Reliability - why systems fail

Introduction

Modern electronic systems are complex devices and there are a myriad of ways that they may not function properly or fail completely. This article explores some of the common causes for system failure in the design and operation of both the hardware and software of electronic devices.

Hardware

Hardware is the term used to describe the electronic components and circuitry of a device.

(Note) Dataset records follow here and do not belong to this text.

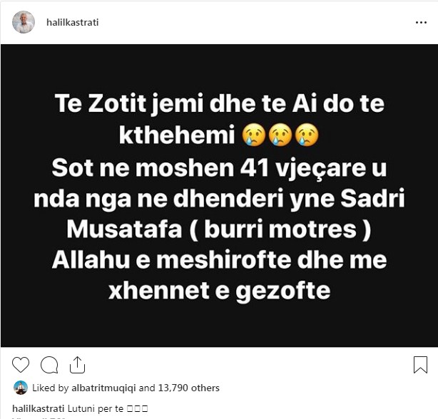 Përmes tij ai ka njoftuar se ka ka ndërruar jetë burri i motrës së tij.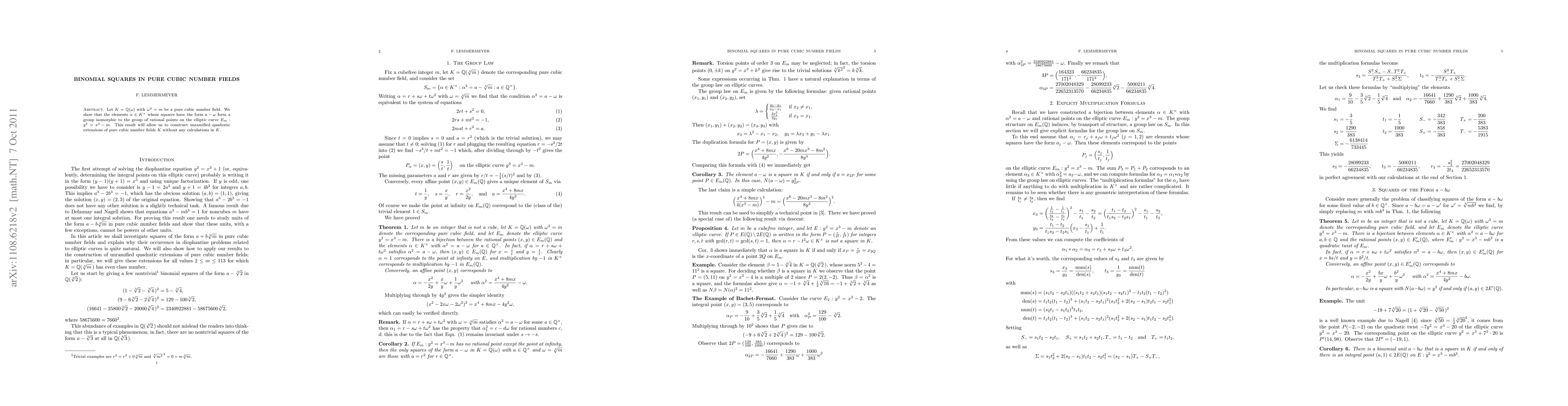 Let K = Q(\omega) with \omega^3 = m be a pure cubic number field. We show that the elements\alpha \in K^\times whose squares have the form a - \omega form a group isomorphic to the group of rational points on the elliptic curve E_m: y^2= x^3 - m. We also show how to apply these results to the construction of unramified quadratic extensions of pure cubic number fields.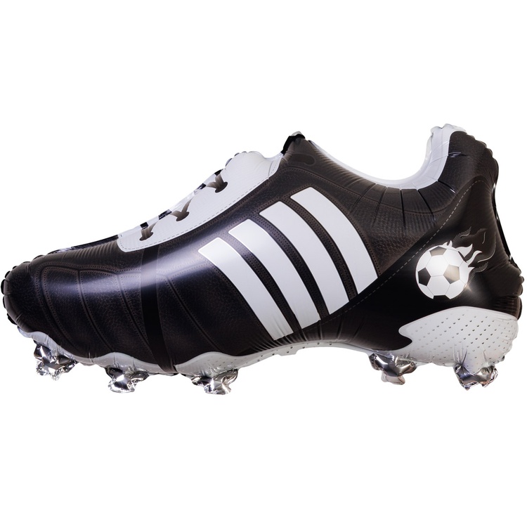 Объемный фольгированный шар, стилизованный под классическую, футбольную черно-белую бутсу - создан для тех, кто живет футболом! Это оригинальный и забавный шар станет эффектным декором на футбольных турнирах, тематических спортивных мероприятиях, а также этот шар можно подарить Футбольному болельщику, ребенку, тренеру, имениннику-спортсмену. При надувании рекомендуется использовать гелий.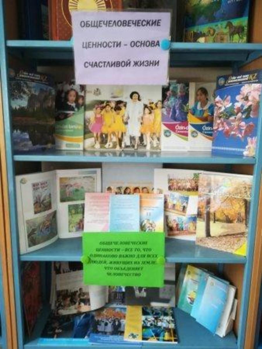 В рамках проведения недели, посвященной ежегодному Дню общечеловеческих ценностей заведующей библиотекой КГУ ОШ 50 Щербаковой С.А. оформлена выставка книг на тему:,, Общечеловеческие ценности - основа счастливой жизни. "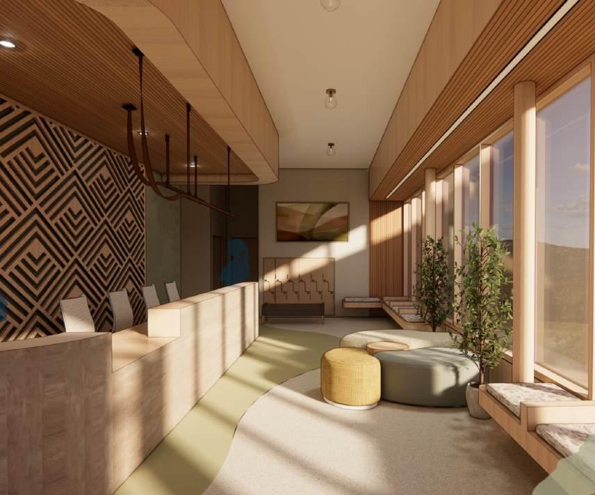 Every aspect of this project, down to the material selections, is designed to reflect the region’s natural beauty The two materials showcased above embody the essence of the landscape one mirroring the distinctive lines of aspen tree trunks, while the other represents the diverse peaks of the surrounding mountains. Natural elements, such as skylights inspired by the branching patterns of aspens, bring in abundant daylight to promote healing and reinforce the theme of interconnectedness.

The lifetime of electronic hardware normally follows what is called a bathtub curve. The shape and size of the curve is primarily determined by three elements; infant mortality, random failure and product lifetime.

Infant Mortality

A newly manufactured product failing either immediately or after a very short time of usage is known as infant mortality. This may be due to manufacturing defects in the assembly of the Printed Circuit Boards (PCBs), component failure or installation issues.

Random Failure

During the lifetime of the unit a very small percentage will randomly fail. This may be exacerbated by misuse or using the product outside of it's specification. For a well designed and manufactured device the random failure rate should be very low and companies will normally monitor this failure rate to idenity potential design issues.

Product Lifetime

This is determined by the lifetime of the components used in a product. Electronic components will have a Mean Time To Failure (MTTF) specified in hours. The average lifetime of an electronic product will be less than the smallest MTTF of any component in the device. This phase is also known as Wear Out.

Other issues

Electromagnetic Interference (EMI)

Electromagnetic Interference is a term given to the electrical noise that is emitted or radiated by electrical circuits. If the emitted noise level is high enough it may cause incorrect operation in another device. Regulations exist that specify the maximum electrical noise a device may radiate and also a level of received interference that it must be able to handle.

Usage limits

Components can be limited to a certain number of uses; as an example flash memory has a limit to the number of times that it may be written after which the write may not succeed. This makes it very difficult to estimate the lifetime of a component unless it's typical usage can be ascertained.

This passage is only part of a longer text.